Electrophysiologists always feel the need to reinvent the wheel so there is an average of 1 software suite per scientist. Here are some that we use.
- Caton - backend KlustaKwik, one-shot run from original binary files
- Mat's fancy model
- OpenElectrophy - Chris contributed some code to this. The detection algorithm is especially classy :) This software also provides many types of data loaders and an SQL backend
- KlustaKwik / Klusters - Gold standard of sorting. Good luck getting it installed
Here are the parameters we use for auditory data:
- 8 features - because it's the default
- (KlustaKwik) MinClusters, MaxClusters at 3 and 14 - because it's the default in Klusters
- Common average referencing - This is a great way to do unsupervised artifact rejection. However certain datasets (those with very few channels, or very large neurons) will not work with this because the subtracted spikes show up. In any case you should use this only for detection, not for classification.
- Threshold 4.5 sigma - our noise levels are low so even this many sigma is still a pretty small spike
- Detection window of 800us - auditory data is especially sensitive to this because the MUA tends to be tightly time-locked in a small onset window. That means that spikes overlap, so you should use as narrow a window as possible.
- 300Hz+ filtering - I've tried a bunch of random filtering algorithms including wavelets or whatever and it makes almost no difference. The general philosophy is to leave the spikes as raw as possible and let the classification algorithm take care of it.
Human Intervention: Merging and identifying good clusters
Sadly this is inevitable. Any time a human is involved your results are not replicable. At least do this blind to the experimental outcomes.

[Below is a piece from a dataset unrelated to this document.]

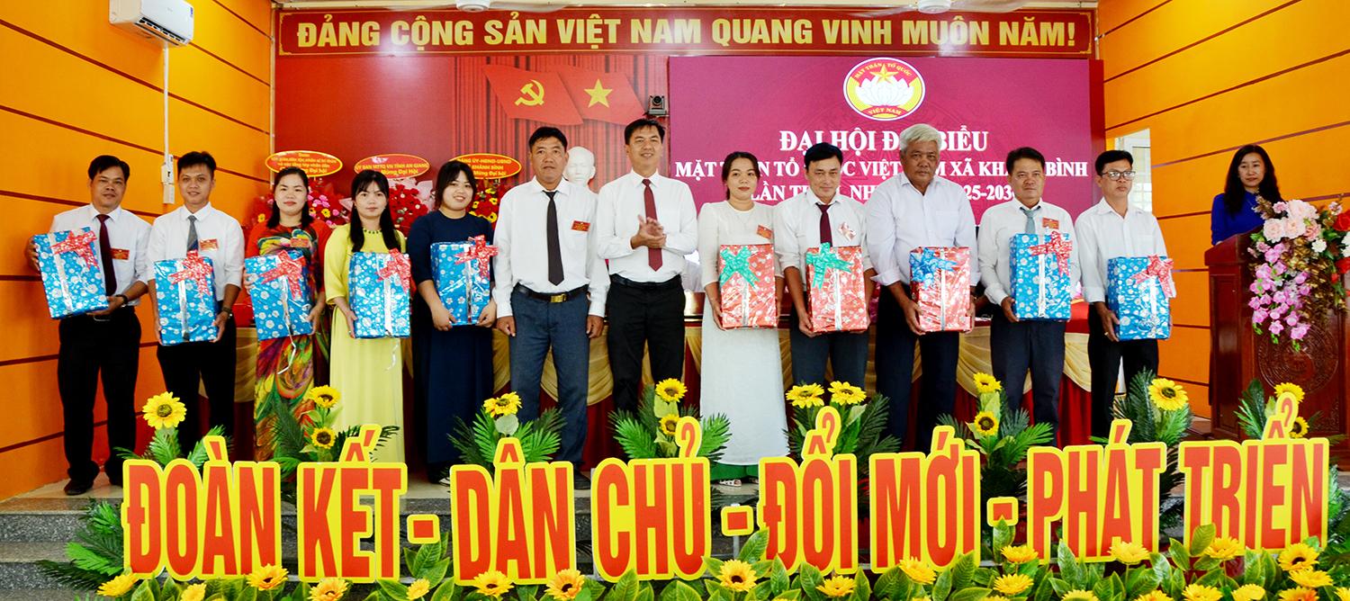 Phát biểu tại đại hội, thay mặt Ban Thường trực Ủy ban Mặt trận Tổ quốc Việt Nam tỉnh, Phó Chủ tịch Ủy ban Mặt trận Tổ quốc Việt Nam tỉnh, Bí thư Tỉnh đoàn An Giang Phan Duy Bằng biểu dương, ghi nhận những thành tích mà Mặt trận Tổ quốc Việt Nam xã Khánh Bình đã đạt được trong thời gian qua. Đồng thời đề nghị, Mặt trận Tổ quốc Việt Nam xã Khánh Bình trong thời gian tới thường xuyên bám sát, cụ thể hóa và triển khai kịp thời các chỉ đạo của Trung ương, của tỉnh và Đảng bộ xã, thể hiện rõ tinh thần Mặt trận luôn đồng hành cùng cấp ủy, chính quyền trong mọi nhiệm vụ. Tiếp tục đổi mới nội dung, phương thức hoạt động của Mặt trận theo hướng chủ động, linh hoạt, sáng tạo. Tiếp tục củng cố và phát huy sức mạnh khối đại đoàn kết toàn dân tộc. Đổi mới công tác tuyên truyền, vận động theo hướng toàn diện, có trọng tâm, sát thực tiễn. Thường xuyên kiện toàn tổ chức bộ máy, nâng cao năng lực hoạt động; xây dựng đội ngũ cán bộ Mặt trận vững vàng bản lĩnh, giàu tâm huyết, gắn bó mật thiết với nhân dân và có uy tín cao trong cộng đồng…

Here's the rough guide to doing this in Klusters.
- First I like to know whether there's any chance of getting anything good.
- The autocorrelation and crosscorrelation displays are your new best friends. For deep philosophical reasons that I don't understand, bad things tends to come in bursts. So any cluster with a peak in the center of its autocorrelation is probably an artefact (scratching, connector noise), or multi-unit (because neurons tend to spike all at once).
- Take a quick look - do any of the clusters have valleys in the center of their autocorrelation? If so, you might have something. Good neurons tend to have acorr valleys. Even bursty neurons should have some refractory period. Note that the lowest point of the valley is an estimate of the false positive rate -- that is, the fraction of spikes in the cluster that are surely not from the same neuron. So a good valley should reach zero.
- At this point I also increase the window size to 100ms. Sometimes a valley can last 30ms or so, in which case the close-up view will look flat.
- Next open a "grouping assistant" display which auto-calculates suspiciously similar cluster. I like to leave the time window on this display at 30ms (close-up) so that you can see both zoomed-in and zoomed-out.
- Now remove obvious garbage: large diffuse clusters, waveforms that go off the charts, waveforms that are highly irregular, waveforms that are near the threshold for detection (anything this small is certain to have many undetected spikes).
- Before removing anything, make sure it isn't related to anything potentially useful. Go through its row and column in the grouping display and click on the hot spots. If you notice that it has dependencies on possibly good units (that is, if it's xcorr looks similar to a good unit's acorr), leave it for now.
- Now you should have just possible good units, and garbage that is related to the good units. It's time to merge clusters.
- The grouping assistant marks with hot spots things that might need to be merged
- Merge any clusters that have the same acorr as each other, and an xcorr that matches both acorrs, and similar waveforms and clusters. I tend to err on the side of NOT merging if I'm unsure, because you can't really undo this step.
- Finally remove anything that doesn't have an acorr valley and doesn't seem to be related to any possible unit.
- Sometimes people like to see the valley go below the mean firing rate. That's a good heuristic but note it gets completely thrown off the unit's mean firing rate is not stationary over time, in which case the notion of a mean firing rate isn't very useful.
- Note down how well sorted the units are.
- Good things:
- Acorr valley smoothly reaching zero within a time window around zero
- No other clusters are xcorrd with it in a way that looks similar to its acorr
- Large waveforms
- Consistent waveforms
- Consistent firing rate over time, or at least not monotonically decreasing, which could indicate electrode drift
- I rate any cluster with all of those features as a 5, the maximum. If it's missing a few features but seems close, I rate it a 3, which is my minimum for analyzing it. If it has only one or two of the features, I'll rate it a 1, and I'll only analyze it if I'm desperate. If I think it's a weird artefact of possible technical interest (because I want to find out what's causing the artefact, or it's some kind of weird cluster that's associated with one of the good neurons), I'll rate it as a 0 so I know that it's not real.